Posts An overview of Hadoop
Post
Cancel

An overview of Hadoop

Hadoop is a framework based on a solution from Google to store and process large data. Hadoop uses the MapReduce algorithm to process input data in parallel. In short, Hadoop is used to develop applications that can perform complete statistical analysis on bulk data.

See more: Mapreduce programming model for Bigdata

Hadoop architecture

Hadoop consists of 2 main layers:

  • Processing and computing layer (MapReduce): MapReduce is a parallel programming model for processing large data on a cluster of commercial computers (commodity hardware).

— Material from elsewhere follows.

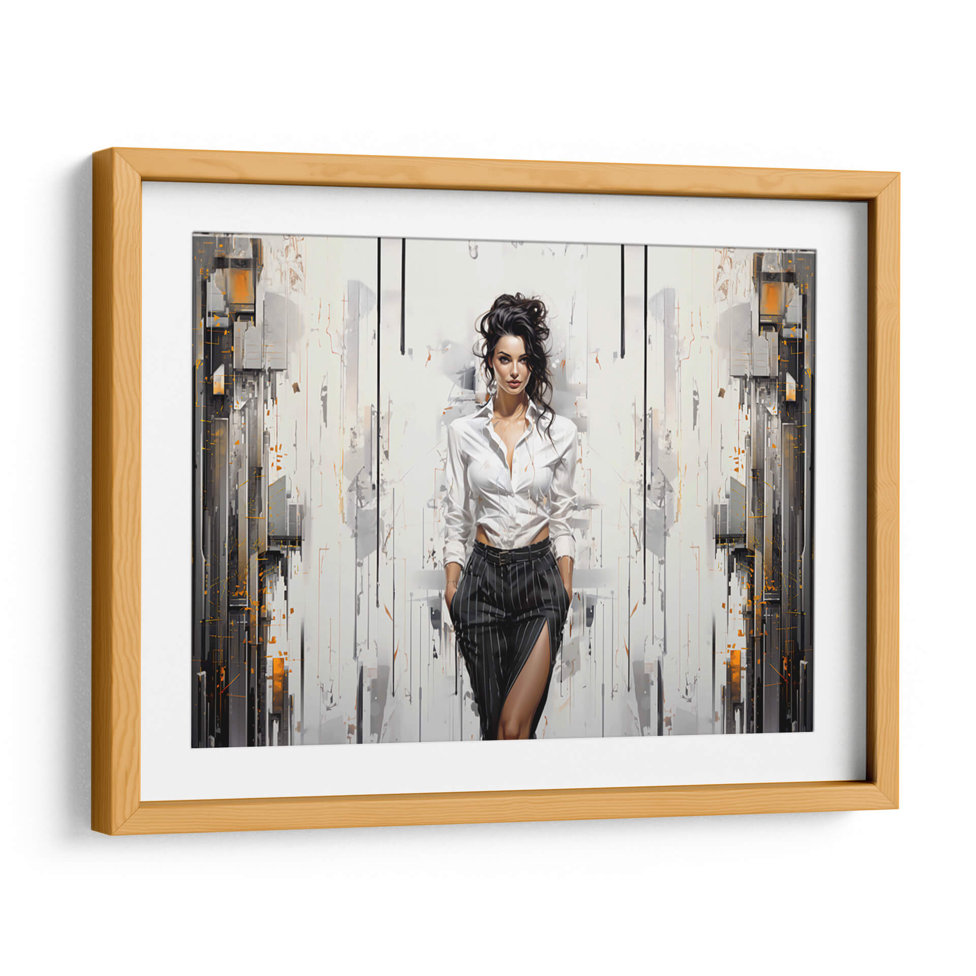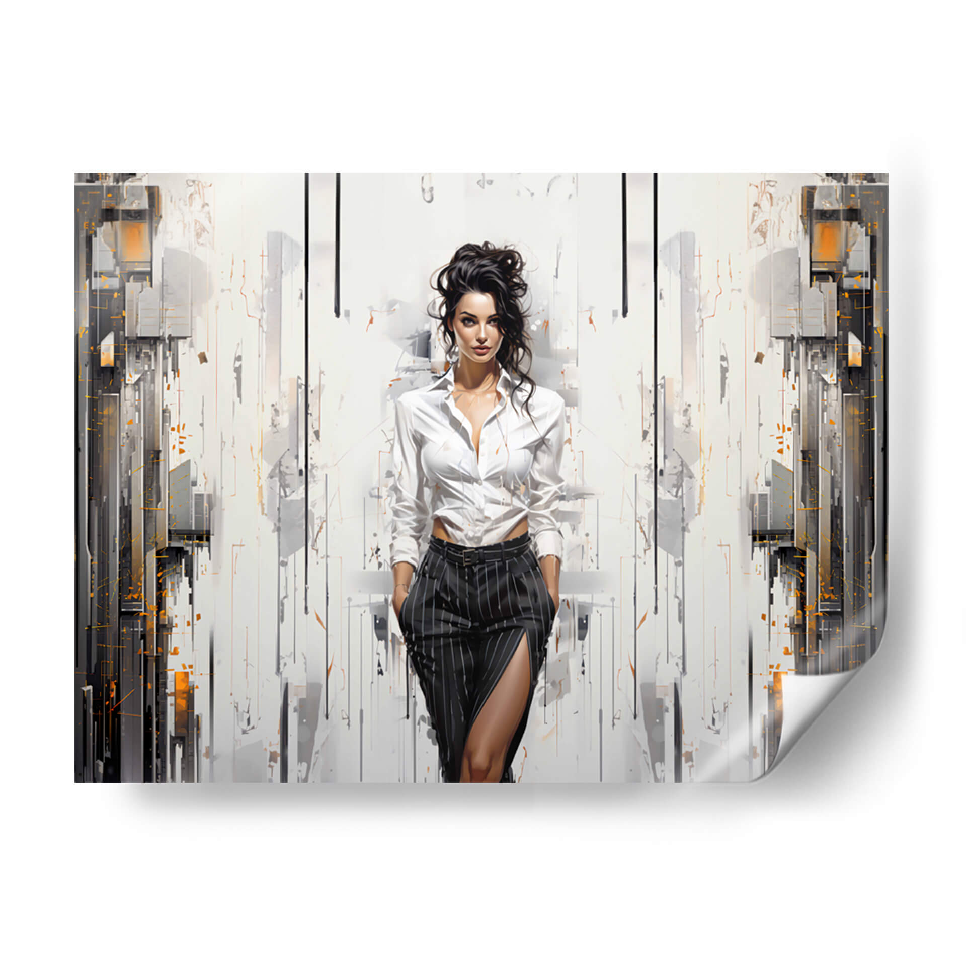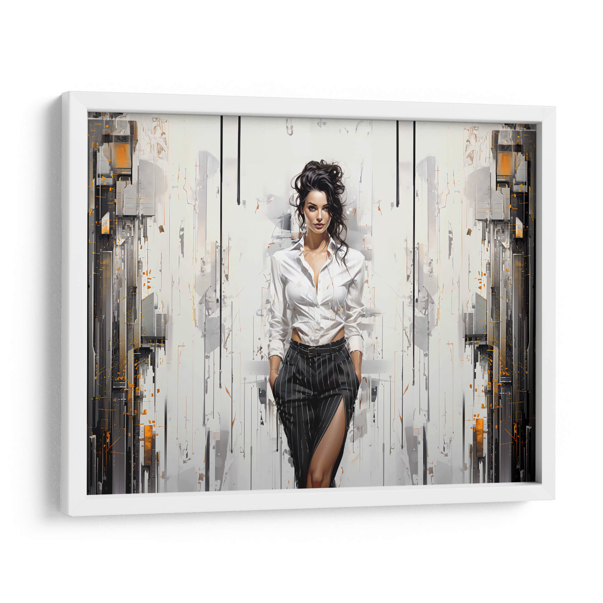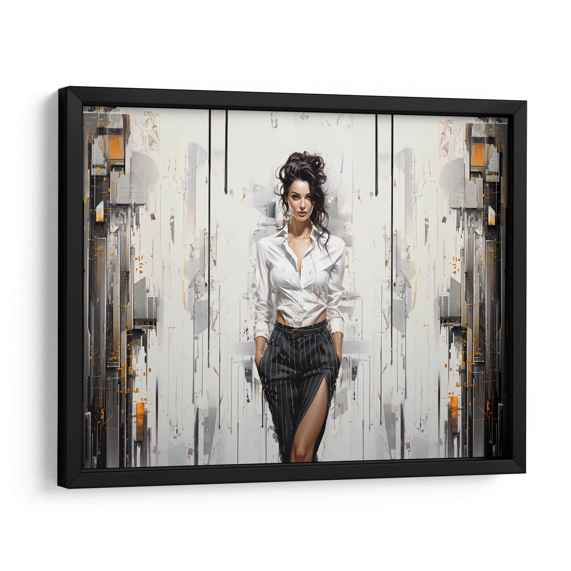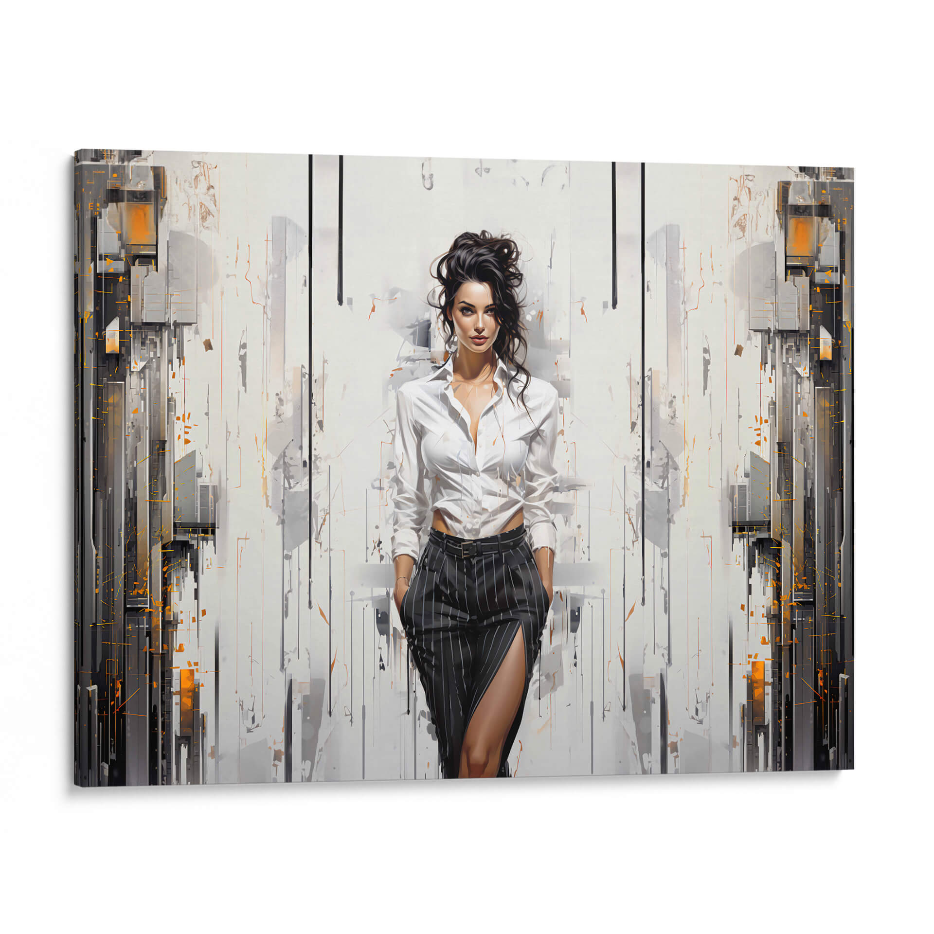 Sumérgete en la fuerza y la sofisticación con el cuadro decorativo "Lady Boss - Blanco y Negro" de DeLaVegaGaming. Esta cautivadora obra de arte presenta a una mujer empoderada en el centro, vestida con una impecable camisa blanca y unos elegantes pantalones a rayas con una atrevida abertura. Su mirada penetrante y su postura segura irradian confianza, haciendo de esta pieza un símbolo de ambición y determinación. El fondo abstracto, una fusión de estructuras geométricas grises y detalles en tonos naranja vibrantes, crea un contraste dinámico que realza la figura central. El estilo contemporáneo y la paleta monocromática con toques de color aportan modernidad y un aire de misterio. Ideal para despachos, oficinas o cualquier espacio que requiera un toque de inspiración y poder femenino. Este cuadro decorativo no es solo una adición estética, sino una declaración de intenciones. Transforma tu entorno con este impresionante lienzo que evoca la esencia de una líder moderna, fusionando arte abstracto y retrato de manera magistral. Una pieza única que inspira y decora.

  • Storage Layer (HDFS): HDFS provides a distributed storage solution that is also designed to run on commercial computers.

In addition to the two components mentioned above, the Hadoop framework also includes the following two modules:

  • Hadoop Common: libraries and utilities written in Java language

  • Hadoop Yarn: scheduling and managing resources

How does Hadoop work?

Hadoop solves the problem that if you or your company cannot afford to build super powerful servers, we can combine many commercial computers to create a cluster of machines capable of processing. a large amount of data. Machines in the cluster can read and process data in parallel to bring high efficiency. You can run code on a cluster of computers, this process goes through the following flow:

  • Data is divided into folders and files. Each file is contained in a block with a predetermined fixed size (default is 128MB).

  • These files are distributed across different nodes and clusters

  • HDFS sits on top of the local file system, monitoring the process

  • Blocks are saved in copies to prevent errors occurring on the hardware

  • Check if the code is executed successfully

  • Performing the Sort step takes place between Map and Reduce

  • Send data to certain machines to perform the next steps

  • Write a log for each completed job

Advantages of Hadoop

  • Hadoop allows users to write and test quickly on distributed systems. Hadoop efficiently and automatically distributes data and work across multiple machines in the same cluster.

  • Hadoop does not require the hardware of the machines in the cluster, any computer can be part of the Hadoop cluster. Hadoop will assign reasonable work to each machine in accordance with the capabilities of each machine.

  • Hadoop provides a system with high fault tolerance and availability. Instead, the Hadoop library has been designed to handle errors from the application layer.

  • Clusters can be added or removed within the cluster without affecting running processes

  • Another big advantage of Hadoop is that in addition to being open source, it is compatible across all platforms as it is based on Java.

This post is licensed under CC BY 4.0 by the author.